Co-operation – the key to all our futures

Robin Harper

Robin Harper

Robin Harper was the first Green MSP elected in the UK and served as Scottish Greens co-convener from 2004-08.


The Union – or Independence? Or co-operation? We’ve had more than 25 years of visiting and revisiting the simple in/out binary argument, and have got nowhere. Instead of the politics of assertion and divisive bickering, we could improve matters considerably by addressing the glaring weaknesses in our governance and introducing a raft of improvements across the UK to update our democracy to address the demands of a modern multi-ethnic, post-industrial state. We could make this century the century of co-operation – at local, national and international levels.

Let’s start with our voting system. Our electoral geography is haphazard, with different rules for governing voting for different bodies and different rules applied to who is allowed to vote in different elections. Current systems are far from representative – take the present situation in Westminster, for example, where there is only one elected Labour politician to represent more than 20 per cent of the electorate who voted Labour. The first past the post system perpetuates a mindset that reinforces the idea that there can be only two answers – a right one and a wrong one – to every political question and there is little doubt that it should be abandoned. The only advantage of first past the post is that once the ‘winners’ have won, it makes it easier for them to be held to account by the ‘losers’. For all the disadvantages of handling the results of multi-party proportional representation, most of Europe has got used to the idea of a more adult approach to politics, where co-operation is always possible and stasis is comparatively rare.

We need to look, also, at the way our representative bodies operate at every level. In Scotland we have one of the worst ratios of elected representatives per head of population in the whole of Europe. Community Councils have no powers whatsoever and no regular budget. Councils are finding their budgets and powers of decision making eroded with every year that passes. The Scottish Parliament electoral system is a compromise. Its perceived weaknesses are that it could be even more proportional if the votes were counted in a different way, that the links between MSPs and their constituents are tenuous, and that it lacks a revising Chamber. It’s time to revisit these matters.

At the other end of the scale we have the House of Lords. This institution is so many years past its sell-by date it’s laughable, with its one saving grace is that its limited powers of amendment are exercised by a cohort of experienced and knowledgeable contributors to the body politic. Having a second chamber that is answerable to no one other than the leaders of the parties in the House of Commons is a serious anomaly. We could dispense with the bishops, put in place fixed terms of office for the political appointees, establish a rolling process of retirements on the basis of length of terms of service and start electing Senators within a year to sit beside the incumbent Lordships.

What else could we do right now? We could set up a body to look at what is working best at Europe and the UK. The way the mayoralities in England work seems to be showing promise. Comparing our Community Councils with Parish Councils in England and similar Councils in, say, France and Norway would be very interesting. In short, we could agree that much needs fixing and co-operate across the political divide to improve matters.

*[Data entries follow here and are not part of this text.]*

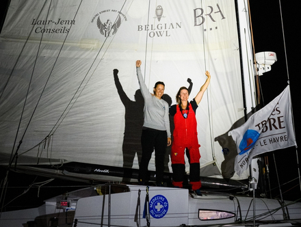 Le dimanche 5 décembre 3 heures 50 minutes du matin heure française, Morgane Ursault Poupon et Julia Virat ont franchi la ligne d’arrivée de la Transat Jacques Vabre à bord du Class40 UP Sailing. Le duo aura mis 27 jours 14 heures 23 minutes et 46 secondes pour parcourir les 4600 milles théoriques entre Le Havre et Fort-de-France.
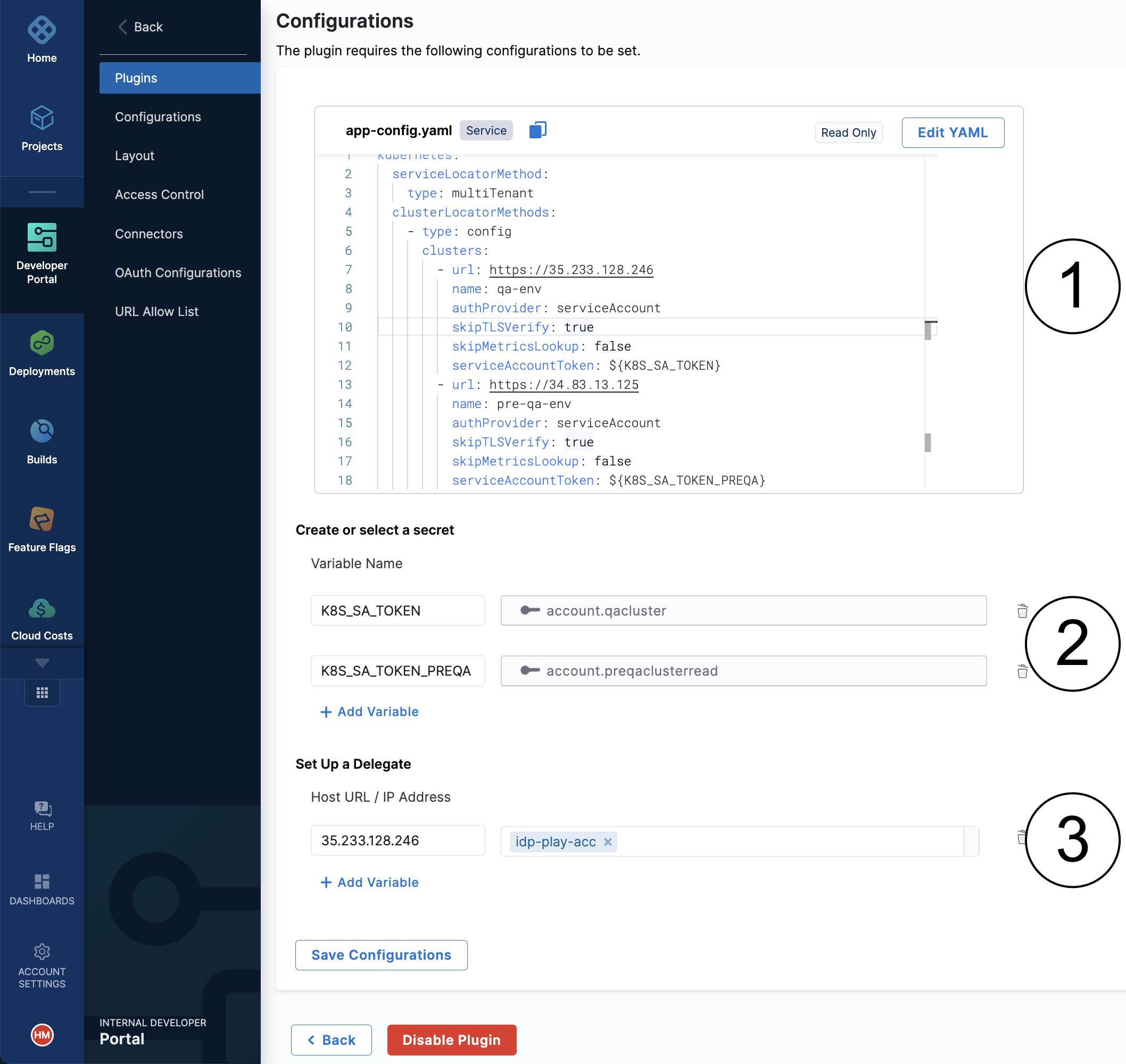in the application configuration YAML file must have a corresponding secret value defined. The secrets configured in IDP are stored in the Harness platform's built-in secret manager or your own secret manager. In case you are using your own secret manager, you will need to configure a Delegate proxy like the one below and ensure the delegate has access to your secret manager.
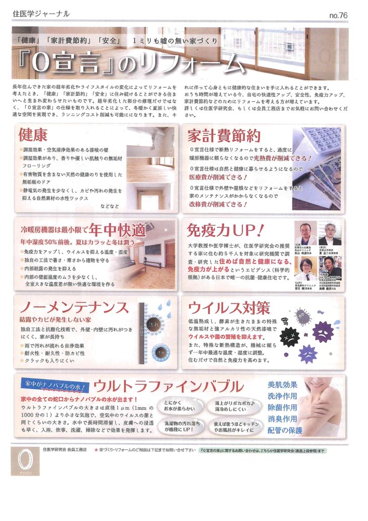0宣言の家は、病気を引き起こさない「健康な住まい」を目指して、「健康を考えたらこの建材は使えない」「この建材は安全で長持ちするのか」と疑問を抱いた工務店、設計事務所と医師や大学教授の協力のもと、調査、データーに基づいたエビデンスを確立した、仕様、素材を使った本物の家造りを追求した「住まい」です。
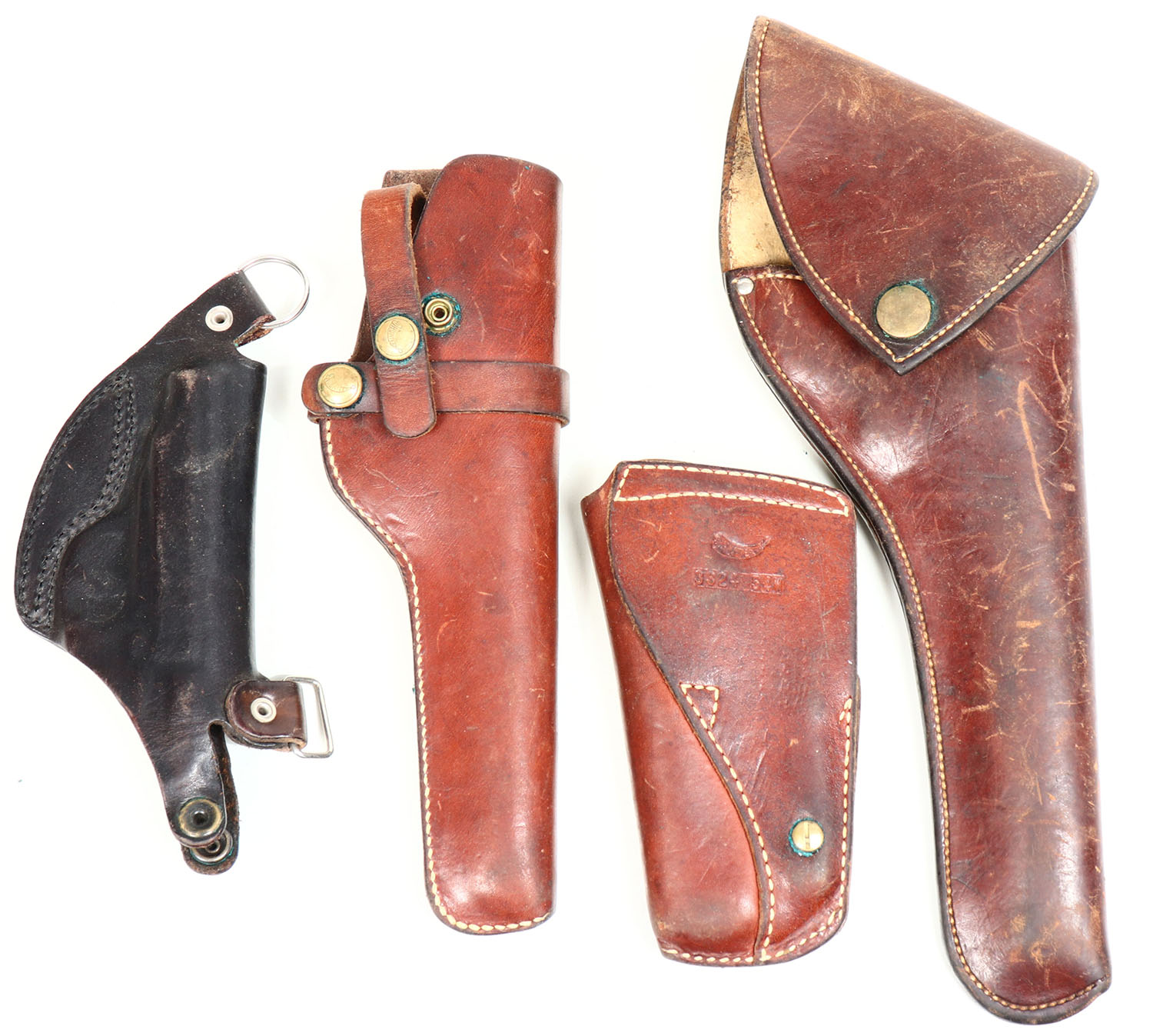Lot of 4 antique leather pistol holsters. Grade: Very Good ++ - Value: 20 to 60

Moving on to world issues, it is clear that Cop26 has the potential to be the most important conference the world has ever seen. The number of countries, organisations, businesses, writers and journalists who are showing interest, support and a willingness to participate is hugely encouraging, but clearly talking is not enough. We must reduce C02 and methane, but it’s even more important to save our equatorial forests, because the speed at which these are being destroyed is terrifying. Soon the forces of nature may take over from the depredations of humanity. At this point, an irreversible trend will become an unstoppable force and the world’s climate will become so chaotic that most life on earth will find it difficult to survive. In Brazil, the indigenous peoples of the northern Amazon basin are under severe threat from illegal loggers and miners. The Brazilian government has lost control. Environmentalists and the indigenous peoples of the Amazon are routinely murdered and have been for two decades. The rule of law does not extend to their territory.

So – what could we do today? The Brazilian government may be open to military support for their army, or even United Nations support. This would be far and away the most useful contribution the UN force could make in the whole of its history. The same level of assistance could be offered to equatorial Central Africa. This would be co-operation at the highest and most important level possible and could prove a vital turning point in the fight to save our planet.

In Britain, even assuming we can fix the electoral system, how can we follow through and make co-operation work? We must set targets and make regulations for make sure that they are met. It’s vital that we have bodies that will hold people to their promises and proper finance to make it possible. These bodies could be set up with their officers and staffs in a matter of months as independent institutions with, where necessary, full powers under the law to enforce. We can only be optimistic about the future of the UK if we can create a body politic in which co-operation is a mandatory component.

This is achievable. Look at the number of organisations that must co-operate to build a wind farm. Scotland’s latest wind farm required the co-operation of suppliers of machinery from Norway and Denmark, specialists in construction development, experts in risk, thirteen banks, and the Crown Estate’s legal teams based in London and Newcastle and many more.

Human beings are capable of extraordinary levels of co-operation. We must remember this every step of the way if we are to reach for a better organised, more biodiverse, and safer world.